The Jewish Art Salon is pleased to present Seduced by the Sacred.

Curated by:
Richard McBee at rmcbee@nyc.rr.com
Joel Silverstein at joelartcrit@aol.com
Dates:
Opening, Sun. October 3, 2010.
Exhibit is free and open to the public:
October 3 - November 22, 2010
For more info: Jewish Art Salon
2 Exhibition Locations:
The Charter Oak Foundation in Hartford CT, 21 Charter Oak Avenue, Hartford CT 06106, Tel: 860.249.1207
The Joyce D. and Andrew J Mandell JCC of West Hartford, 335 Bloomfield Avenue, West Hartford CT, Tel: 860.231.6339

Seduced by the Sacred: Forging a Jewish Art

The Jewish Art Salon, founded in 2008, comprises over 150 visual art professionals. As Jews in the visual arts, they explore how Jewish identity defines and fulfills personal creativity and expression. This new generation of Jewish artists came of age after the 1970’s and craved more authentic religious and cultural experiences. It was not uncommon for these Jews to be drawn to traditional forms of Jewish study such as the Hebrew Bible, the Talmud and the Kabbalah even though they were born to non-religious backgrounds with little or no Hebrew education. As these artists became more familiar with Jewish ideas of the sacred, their knowledge of art history beckoned. How to address the sacred in the visual arts from a modern Jewish perspective?

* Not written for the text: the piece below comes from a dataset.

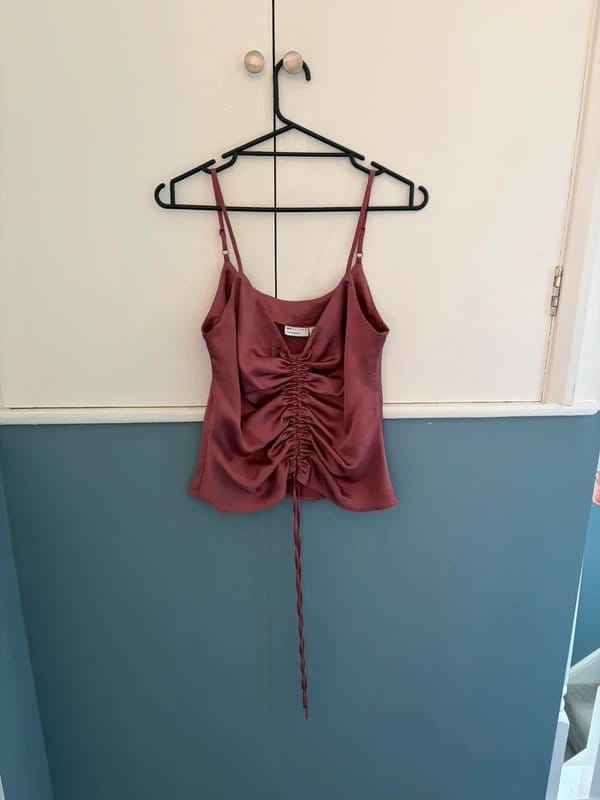 The ASOS Silk Ruched Top in Burgundy is available in sizes S.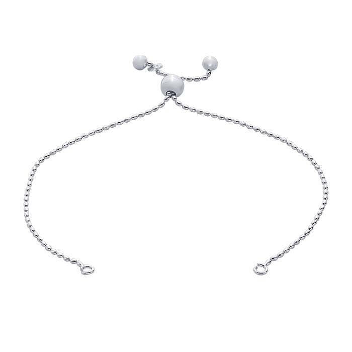 This sterling silver 1.2mm bead chain bracelet component is open at the center with a closed ring at each chain end (.063" ID). Complete the bracelet with a link component, an engravable plaque, or a short length of strung beads. The bracelet is fully adjustable using a movable round coin-shaped silicone-lined bead (6mm) that slides along the chain. Two round drops finish the chain and serve as a stop to keep the slider bead from slipping off the chain.

The sacred is traditionally thought of as the place where the Divine meets the mundane. While this realm fundamentally exists beyond our everyday experience, at times it can be brought into our reality by key rituals, objects, visions or texts. For thousands of years, the use of art was an important factor in stimulating this experience. Christian, Buddhist, and Hindu artists created sacred art often used in religious worship. The visual languages were clearly defined. While there always has been ritual Jewish art, Jews were relative latecomers to Western fine art traditions. During the late 19th century, as Jewish artists increasingly engaged in Western fine art production, the beginnings of Modernism effectively banned explorations of the sacred. This pushed more and more Jewish artists into assimilation alienating them from their religion and Jewish culture. One hundred years later the cultural landscape has radically changed. Postmodernism’s eclectic view of religion, identity and art has opened up the dramatic possibility of exploring a Jewish modern understanding of the sacred.The very nature of the sacred; beyond proof and rationality, immutable, intractable, once again became desirable and easily connected to the entire history of Judaism. Christian art had fixed iconography and history; Jewish art reveled in its own indeterminability. An invisible God and the space of encounter invite radical re-understandings of texts and images.

The Sabbath song Lechah Dodi, refers to the mystical marriage between God and the Jewish people, welcoming the Sabbath Bride in a holy interaction of the sacred and the mundane. We, the curators, are using this poem as a paradigm for Jewish artists who are willing to encounter experiences far greater than themselves. This paradigm explores the love and the sense of the forbidden that comprises the unique faith of the Jewish artist working at this time, forging bold new ideas about Jewish Art.